If you h ave questions about mystery snails, feel free to email me!


----------



## birdielikestomatoes (May 2, 2012)

I do have a gravel vacuum which I use whenever I do water changes. The snail was only to be a pet as I don't have an algae problem. 

LOL does the snail ever float up to the top when it's sitting on the bubbler? That yellow color is gorgeous though. I'll definitely consider getting one from you, Pog, when I upgrade. 

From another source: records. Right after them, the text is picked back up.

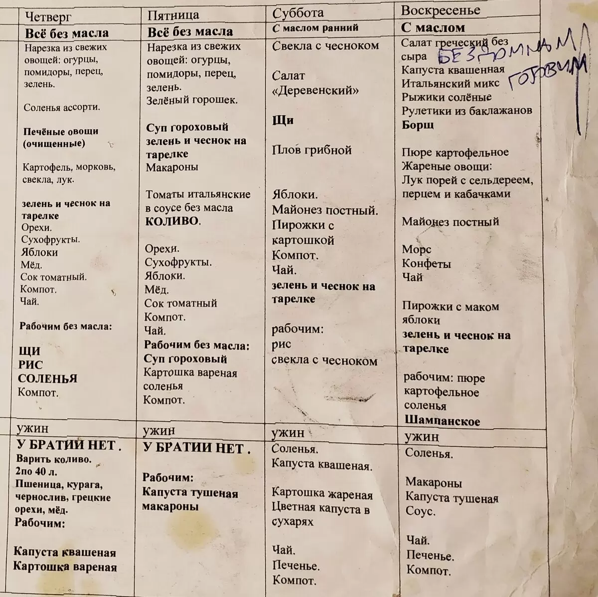 В обеденном меню для братии присутствают:
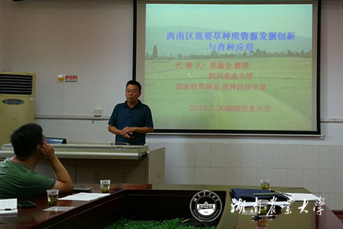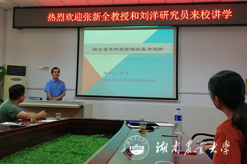 本网讯(农学院 曾宁波 穆麟)8月20日下午,国家牧草体系育种岗位专家、四川农业大学教授张新全,湖北省农科院畜牧兽医研究所研究员刘洋应邀来我校讲学。张新全、刘洋分别作了题为“西南地区重要草种资源发掘创新与育种应用”及“湖北省草种质资源收集与创新”的主题报告,讲座由农学院党委书记周其林主持,学院草学专业教师及部分研究生、本科生参加。
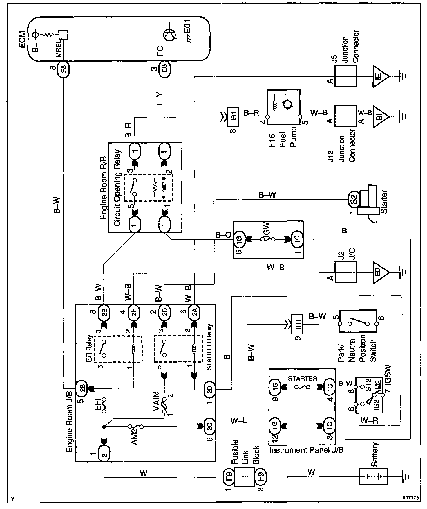 In the diagram, when the engine is cranked, current flows from terminal ST of the ignition switch to the starter relay coil and also current flows to terminal STA of ECM (STA signal).
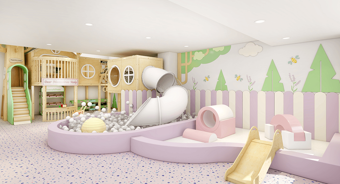 The indoor playground's recreational area is divided into four functional areas: a children's play area, a children's soft play area, a role-playing area and a physical development area.
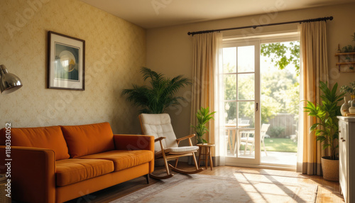 Art deco interor living room with a large window, curtains, a sofa, a coffee table, and a record player.
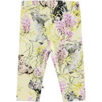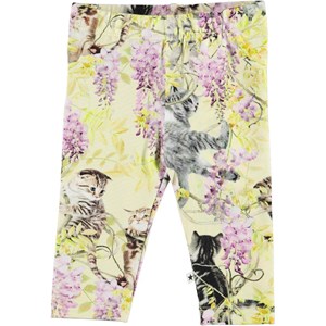 Klassische hellgelbe Babyleggings mit Kätzchen, die in der Glyzinie spielen. Der elastische Bund und das weiche Material sorgen für eine gute Passform.

I have no idea how I'd split their tank, right now I'm just keeping an eye on them and while they have set up who the queen of the tank is they've very good about not nipping. The one time they did nip at each other Eugeney was put into a bag and floated in the tank, they haven't nipped since. When I separate them I always bag the aggressor.


----------



## Pogthefish (Mar 24, 2012)

If you want,, you can take a piece of plastic with small holes and measure distance from one corner to the other. then make it about that size, and fill in the extra space with sponges. Dont go across, I have spent forever tryign to split thet one acress, but the bulge gets me every time!


----------



## jman828 (Aug 15, 2011)

thekinetic said:


> Yall do realize mystery snails ARE apple snails, right?
> 
> Avoid thing like pond snails and ramshorn snails, they are asexual and will reproduce crazy fast.
> 
> ...


They are actually "NOT" the same.... As stated in many articles


> Not exactly. Mystery Snails (Pomacea diffusa) are a single species which belongs in the Apple Snail family (Ampullariidae), which also contains about 100 other species as well.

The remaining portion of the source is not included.